WHAT IS BEING ASKED:
All of the data, word for word and free of pictures, is the expected result.

INFORMATION SHOWN:
▬▬▬▬▬▬▬▬▬▬
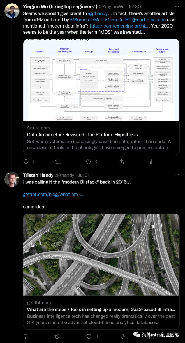 实际上,经过更加深入的搜索,我们会发现,另一家创业公司Fivetran的CEO George Fraser在2019年的一个演讲中就提到了这个概念:https://www.fivetran.com/blog/competitive-analytics-requires-modern-architecture。而在Twitter上,dbt CEO又提到,他自己早在2016年就提出过类似的现代BI栈的概念。
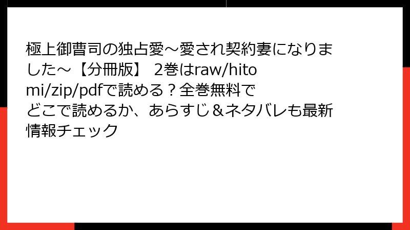 人気のロマンスマンガ「極上御曹司の独占愛~愛され契約妻になりました~【分冊版】 2巻」は、契約結婚をテーマにした甘いストーリーで、多くの電子書籍サービスで配信されています。この記事では、指定されたサービスを中心に、どこで読めるかをブログ形式で詳しく解説します。コミックシーモア、ブックライブ、まんが王国、ebookjapan、Renta!、めちゃコミック、ピッコマ、LINEマンガなどの配信状況を調べ、読み応えのある内容にまとめました。配信情報は2026年1月現在のものですので、最新の状況を確認することをおすすめします。
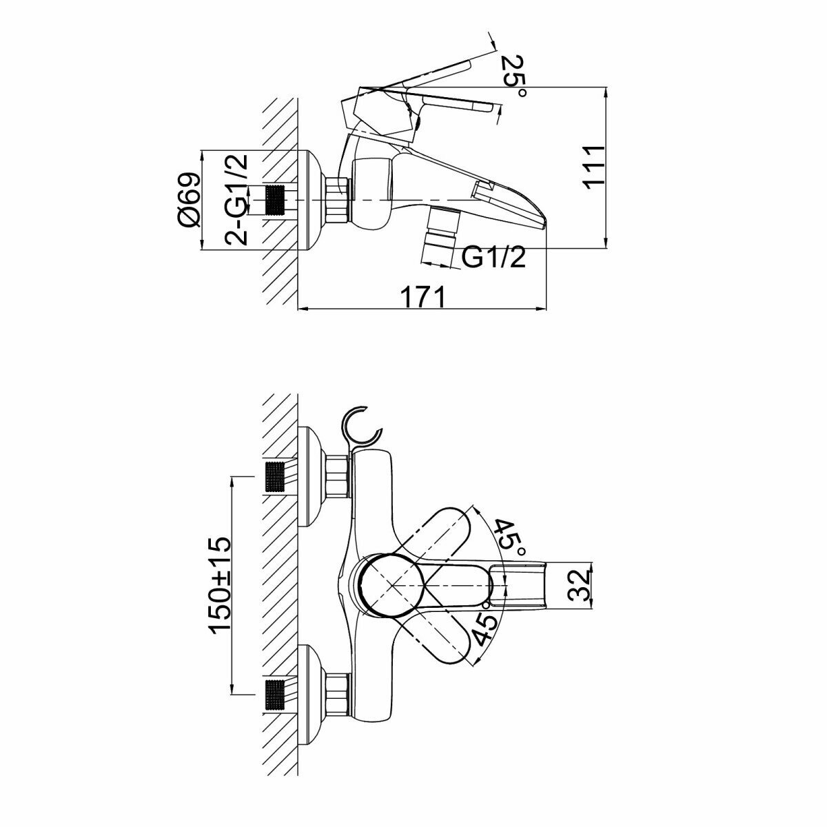 | Длина излива | 171 мм |
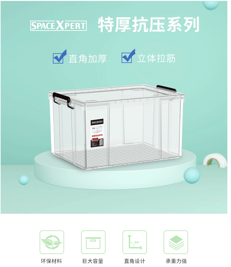 商品名称:SPACEXPERT 直角抗压高透塑料收纳箱 108L
▬▬▬▬▬▬▬▬▬▬
ANSWER AREA:
 实际上,经过更加深入的搜索,我们会发现,另一家创业公司Fivetran的CEO George Fraser在2019年的一个演讲中就提到了这个概念:https://www.fivetran.com/blog/competitive-analytics-requires-modern-architecture。而在Twitter上,dbt CEO又提到,他自己早在2016年就提出过类似的现代BI栈的概念。
 人気のロマンスマンガ「極上御曹司の独占愛~愛され契約妻になりました~【分冊版】 2巻」は、契約結婚をテーマにした甘いストーリーで、多くの電子書籍サービスで配信されています。この記事では、指定されたサービスを中心に、どこで読めるかをブログ形式で詳しく解説します。コミックシーモア、ブックライブ、まんが王国、ebookjapan、Renta!、めちゃコミック、ピッコマ、LINEマンガなどの配信状況を調べ、読み応えのある内容にまとめました。配信情報は2026年1月現在のものですので、最新の状況を確認することをおすすめします。
 | Длина излива | 171 мм |
 商品名称:SPACEXPERT 直角抗压高透塑料收纳箱 108L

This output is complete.